A couple of weeks ago, I wrote a blog entry called “Breaking Barriers with STAR Theatre Classes” about our new STAR (Student Theatre Artists in Residence) program at River Park Community Center. As promised, this is an update on that program!
To recap, the STAR program at River Park is what we call “inclusive”, meaning that it includes both children with a variety of disabilities—mental, emotional, and physical—as well as children without disabilities. There are a couple dozen children participating in this program, ranging in age from Kindergarten to 12th grade, and are largely from low-income households.
At first, I was a bit daunted by the idea of crafting a program that could provide meaningful experiences to such a large and diverse group of children—though, as always, up to the challenge! Now that we have been running this program for a few weeks, I am starting to fully understand just what theatre can mean to these children: Theatre is a way that these students—and any students!—can both fit in, and stand out.
What do I mean by that? I’m sounding a little bit contradictory. To illustrate, I will present an anecdote from last week’s session.
Last Friday, the students were just about bouncing off the walls of the River Park Community Center auditorium. Though I had prepared a lesson plan for the day, I had to scrap it and think on my feet—as educators so often do—to accommodate the energy level of the group. These students were just not going to be able to take turns as actor and audience that day—they needed an activity that would accommodate all of them at once.

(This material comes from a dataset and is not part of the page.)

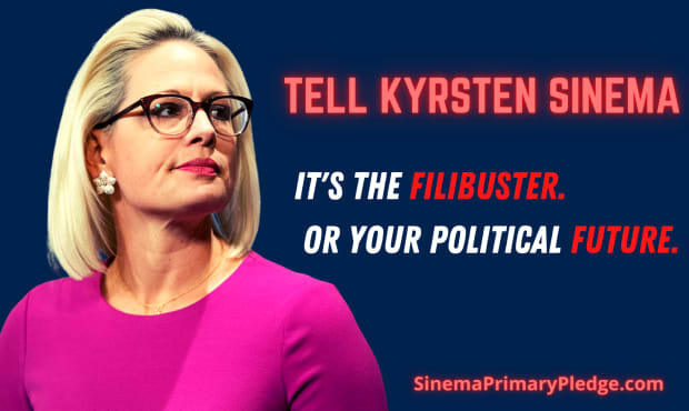 Help us put Sinema on notice: it’s time to choose. The filibuster or democracy. The filibuster or progress. The filibuster or her political future.

With some difficulty, I sat the twenty-some students down at the foot of the stage. I explained to them that, as a group, we would choose a location for our scene. Then, one by one, I would call on students to join the scene as whatever character they chose—provided that it made sense with the location! Their hands eagerly shot up before I even had a chance to ask for ideas.

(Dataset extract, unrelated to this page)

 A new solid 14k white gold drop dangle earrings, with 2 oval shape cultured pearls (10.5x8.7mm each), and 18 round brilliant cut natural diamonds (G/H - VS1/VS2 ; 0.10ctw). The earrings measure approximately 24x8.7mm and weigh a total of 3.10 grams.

“Castle” seemed to be a crowd-pleaser, and so away we went. I asked for the first volunteer to start the scene. I called first on the very youngest student, a kindergarten-aged girl with special needs.
“She should be a princess,” said one of the older boys.

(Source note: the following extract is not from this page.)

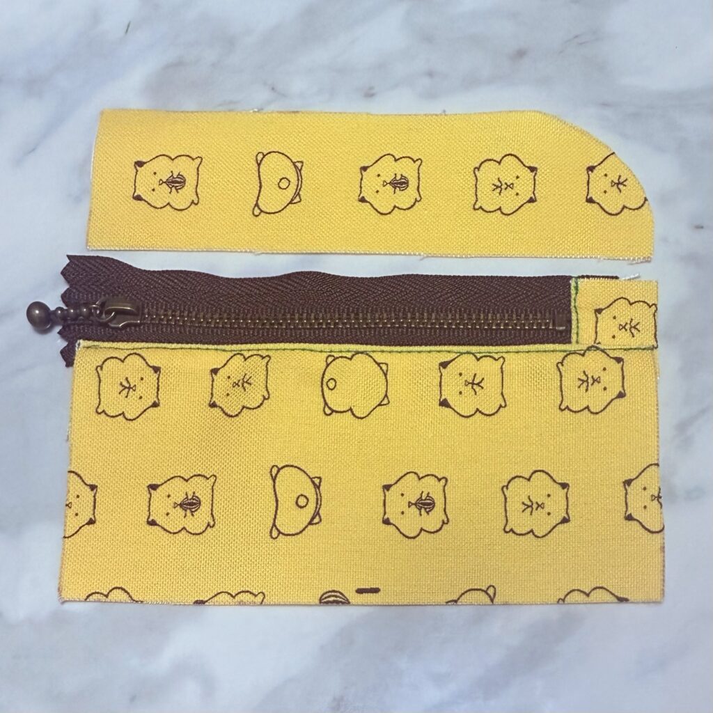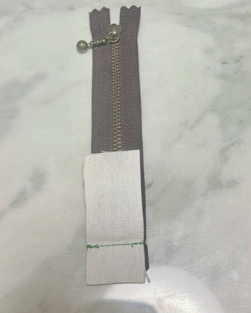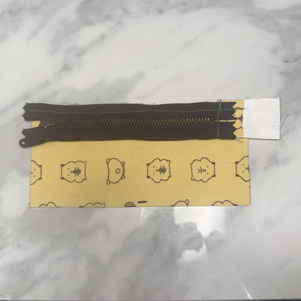 1. 12cmファスナーに同一幅の布を付け、ファスナー端の長さを延長します。

The little girl shook her head violently from side to side.
“What do you want to be?” I asked.
“I don’t want to be a princess. I want to be the queen!” And with that, she regally took the stage, surveying her kingdom, with all eyes upon her.
From then on, it was pure joy. A great number of the boys wanted to be heroic knights, of course. There were several princesses, a king, and even a dragon. The students worked together to create the castle scene, which ended in an untimely—but highly comedic—death for the dragon.
We went through a number of scenes that day. Though some students were hesitant at first, eventually all but one had joined in. Regardless of disability, personality, or any other barrier, all of the students had found a way to become part of the whole. Many took turns commanding the scene—a star quarterback’s game-winning touchdown, or a wizard’s powerful spell—while others were happy and content to join their friends in smaller roles.
But one student, a boy of about ten, remained on the sidelines. Scene after scene I tried to get him out of his shell, suggesting different parts for him. He was just too shy to join the others. But during what must have been our sixth or seventh scene—a basketball championship game—this quiet little boy had a sudden and burning desire to jump in.
“Great! What do you want to be?” I asked, thrilled that he was finally participating.
“The ball!” he answered, grinning from ear to ear. He hopped up on stage, wrapped his arms around his knees, and bounced around as the other children pretended to be basketball stars, announcers, coaches, and cheerleaders.
He didn’t care about any of that. He was the ball. As far as he was concerned, he was the star.
Sometimes, children need to feel special. They want to stand out and be noticed. Theatre is a wonderful opportunity for any child to try on someone else for size; to see what it’s like to be the queen, or the heroic knight, or the basketball star. That can be valuable and empowering. But others just want a chance to fit in; to be part of a larger whole. And the art of theatre, so inherently collaborative, can provide that opportunity for community.